[INFORMATION SHOWN]

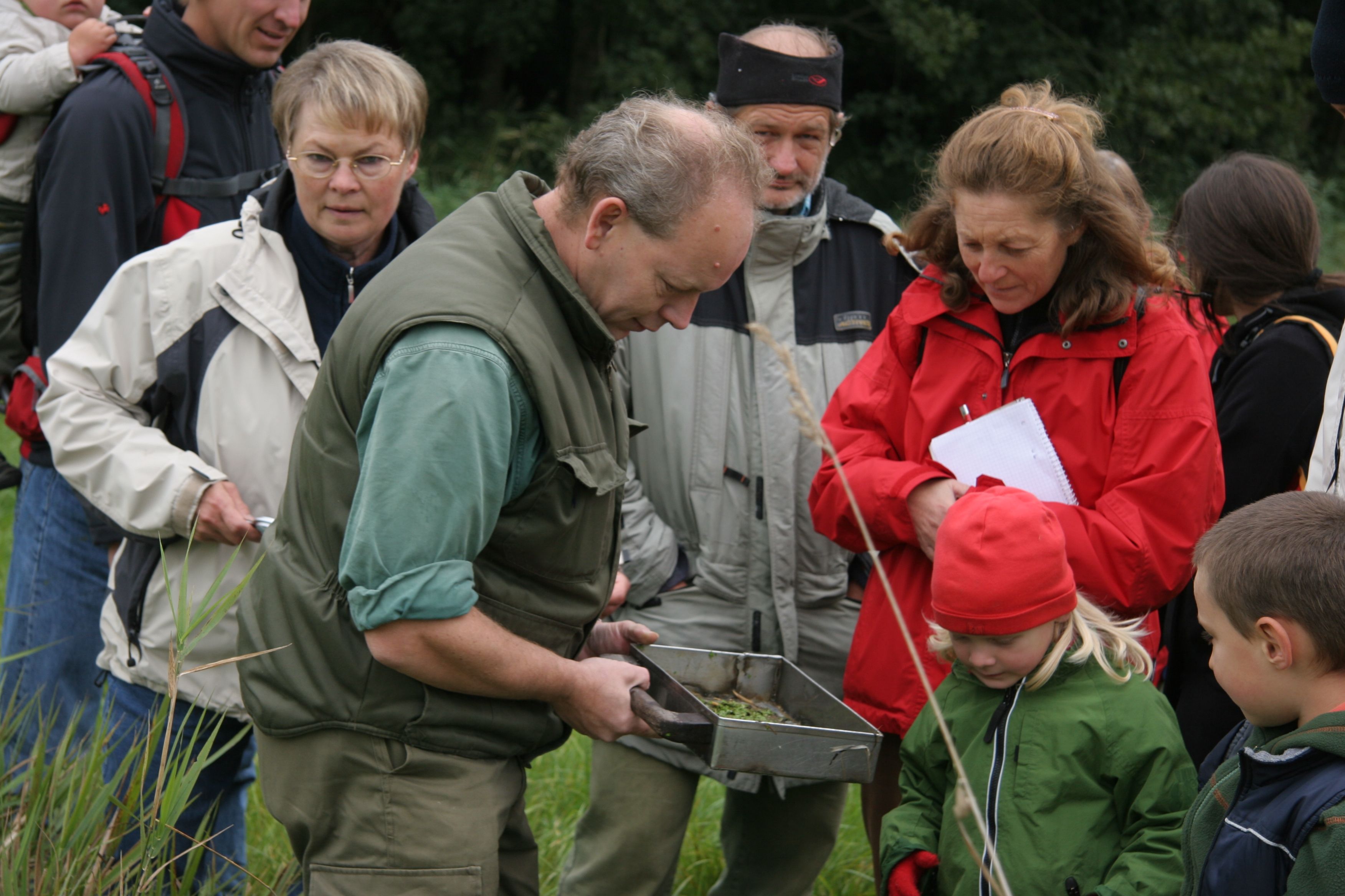 In dem untersuchten Graben stellte der Gewässerbiologe eine sehr artenreiche Lebensgemeinschaft fest. Es fanden sich neben vielen Molchen verschiedene Arten von Wasserkäfern, Eintagsfliegen- und Köcherfliegenlarven, Rückenschwimmer, Strudelwürmer, Egel, Fliegen- und Mückenlarven, Wasserasseln und Libellenlarven. Am Ufer flogen Prachtlibellen und Azurjungfern. Diese vielen Arten deuten auf einen intakten Lebensraum hin, der aber immer wieder einer vorsichtigen Pflege bedarf, informierte Peters die Exkursionsteilnehmer.
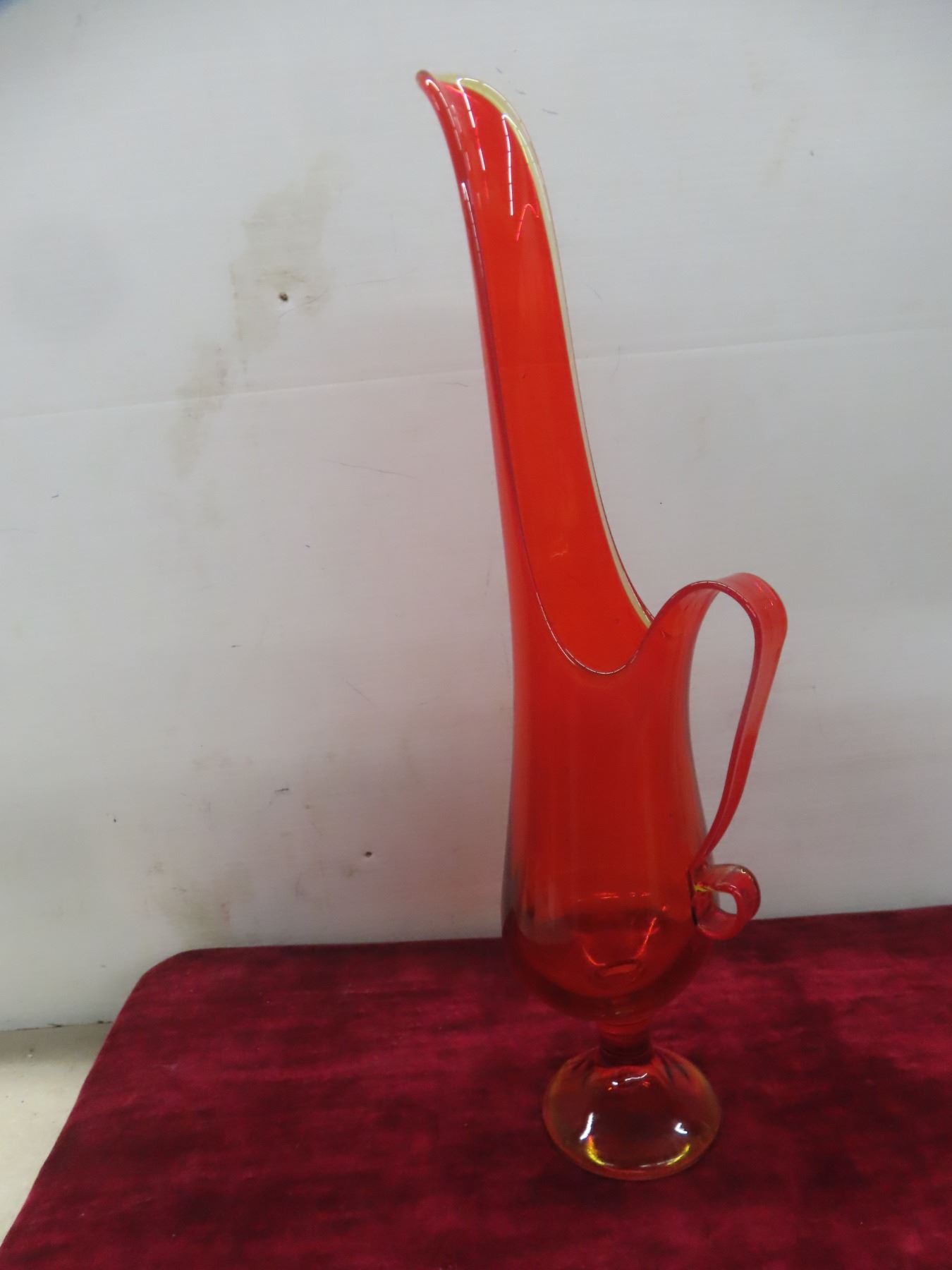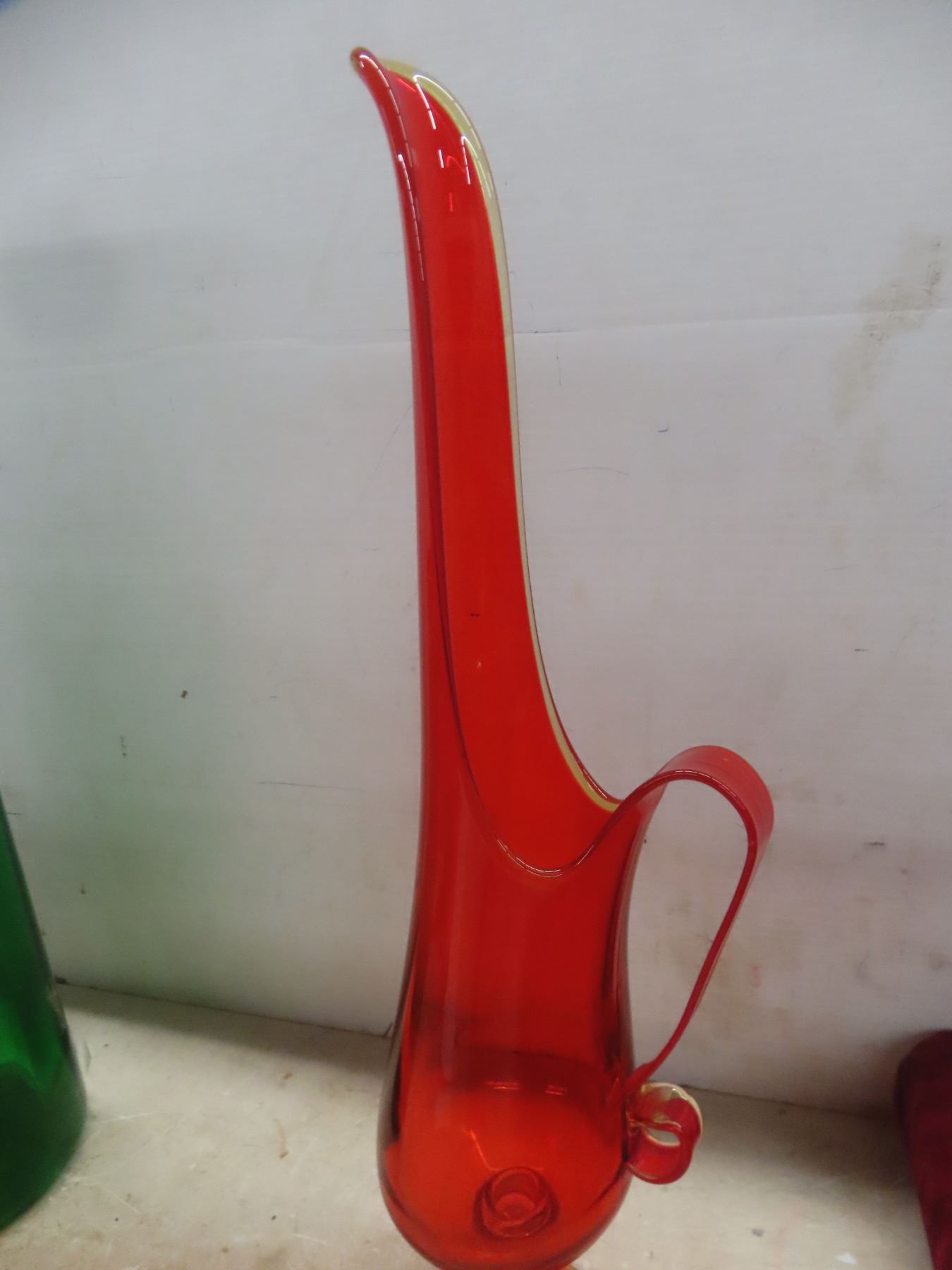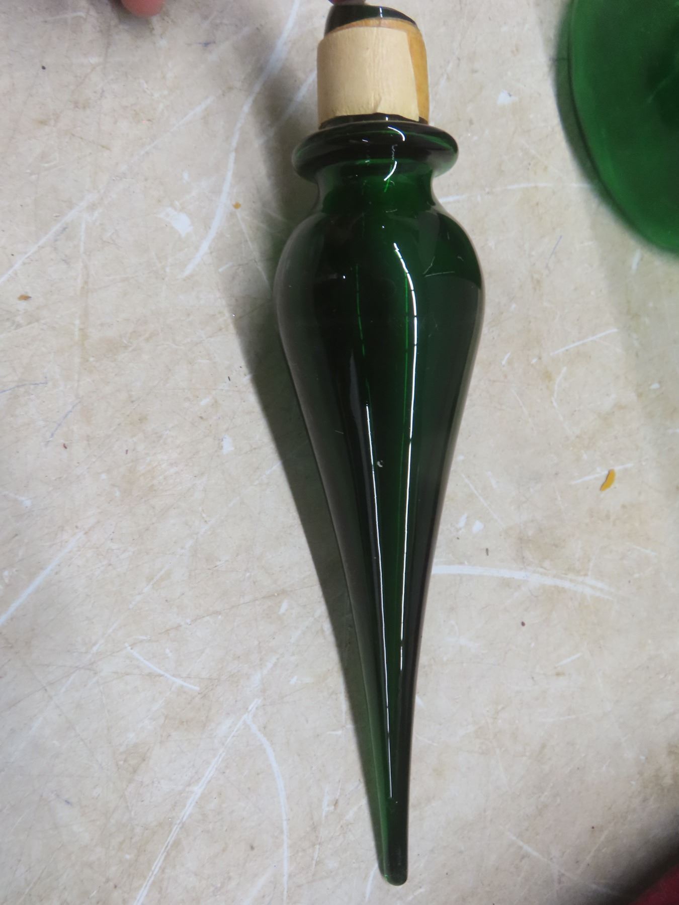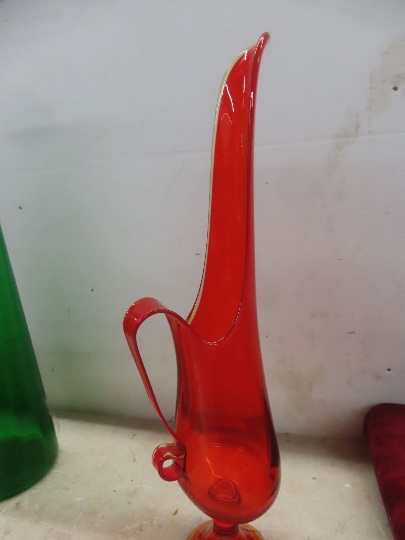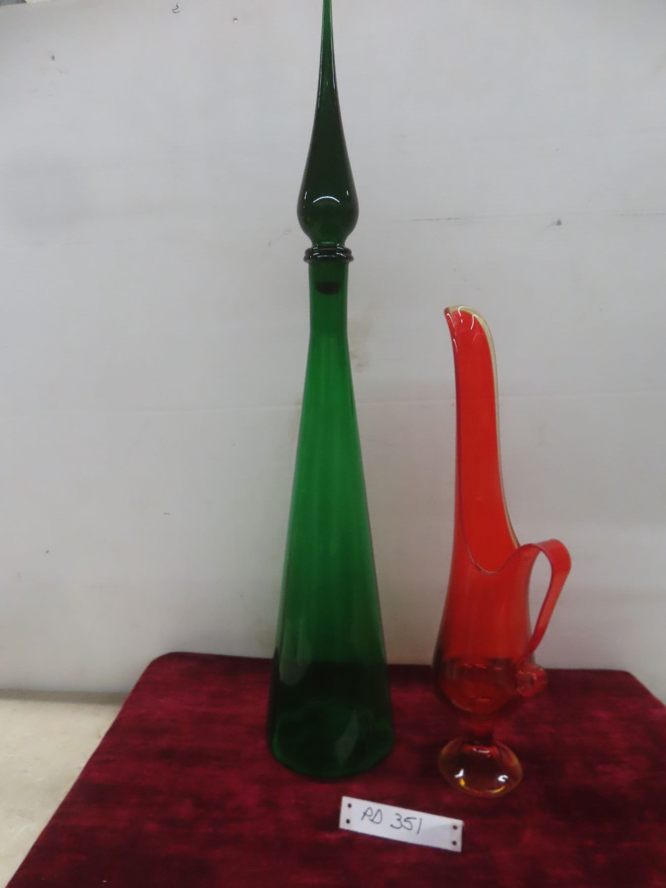 Vintage Emerald-Green Genie-Bottle Decanter And Amberina Stretch Art-Glass Pitcher.
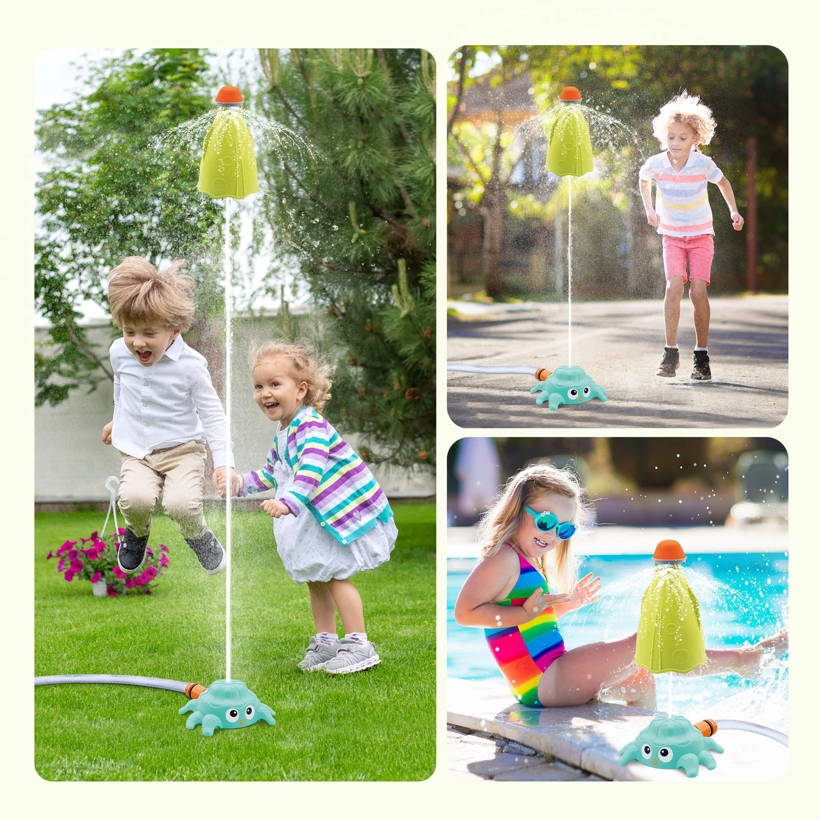 Get ready for giggles, excitement, and endless outdoor fun with the Spinning Rocket Octopus Sprinkler Toy for Kids! Designed to turn your backyard into a water-filled wonderland, this adorable and safe sprinkler toy brings joy to hot summer days. Easy to assemble and even easier to enjoy, this rocket-shaped water sprinkler shoots spinning sprays of water in all directions, keeping toddlers and young children cool and entertained for hours. Simply connect it to a standard garden hose, turn on the water, and watch the fun take off!

[/INFORMATION SHOWN]

Word for word, output the whole listing, but not its pictures.

 In dem untersuchten Graben stellte der Gewässerbiologe eine sehr artenreiche Lebensgemeinschaft fest. Es fanden sich neben vielen Molchen verschiedene Arten von Wasserkäfern, Eintagsfliegen- und Köcherfliegenlarven, Rückenschwimmer, Strudelwürmer, Egel, Fliegen- und Mückenlarven, Wasserasseln und Libellenlarven. Am Ufer flogen Prachtlibellen und Azurjungfern. Diese vielen Arten deuten auf einen intakten Lebensraum hin, der aber immer wieder einer vorsichtigen Pflege bedarf, informierte Peters die Exkursionsteilnehmer.
 Vintage Emerald-Green Genie-Bottle Decanter And Amberina Stretch Art-Glass Pitcher.
 Get ready for giggles, excitement, and endless outdoor fun with the Spinning Rocket Octopus Sprinkler Toy for Kids! Designed to turn your backyard into a water-filled wonderland, this adorable and safe sprinkler toy brings joy to hot summer days. Easy to assemble and even easier to enjoy, this rocket-shaped water sprinkler shoots spinning sprays of water in all directions, keeping toddlers and young children cool and entertained for hours. Simply connect it to a standard garden hose, turn on the water, and watch the fun take off!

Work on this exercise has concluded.